>>

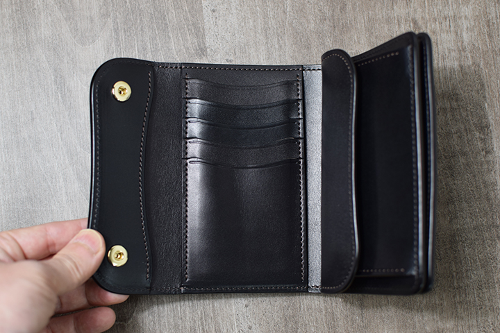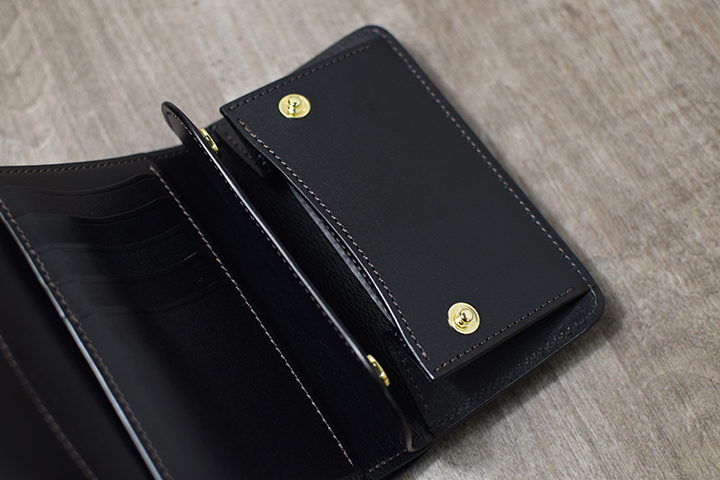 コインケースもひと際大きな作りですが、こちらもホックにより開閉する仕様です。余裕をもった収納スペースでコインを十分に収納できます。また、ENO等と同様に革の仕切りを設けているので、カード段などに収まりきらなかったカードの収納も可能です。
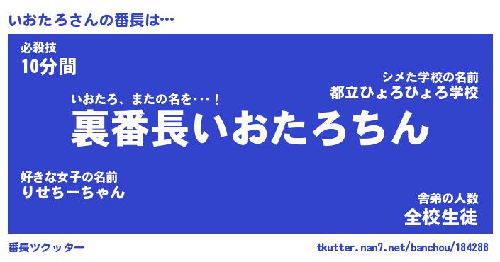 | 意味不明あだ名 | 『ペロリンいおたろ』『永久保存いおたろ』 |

<<
>>

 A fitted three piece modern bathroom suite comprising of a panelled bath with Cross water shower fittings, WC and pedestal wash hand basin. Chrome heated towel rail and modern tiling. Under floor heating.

<<

[PROBLEM STATEMENT]: Only one stretch of the listing is wanted: the lines starting at the one with "コインケースもひと際大きな作" and ending at the one with "意味不明あだ名 | 『ペロリンいおたろ』『永久保存いおたろ』 |", copied exactly and free of pictures.

[RESPONSE TO THIS TASK]:
 コインケースもひと際大きな作りですが、こちらもホックにより開閉する仕様です。余裕をもった収納スペースでコインを十分に収納できます。また、ENO等と同様に革の仕切りを設けているので、カード段などに収まりきらなかったカードの収納も可能です。
 | 意味不明あだ名 | 『ペロリンいおたろ』『永久保存いおたろ』 |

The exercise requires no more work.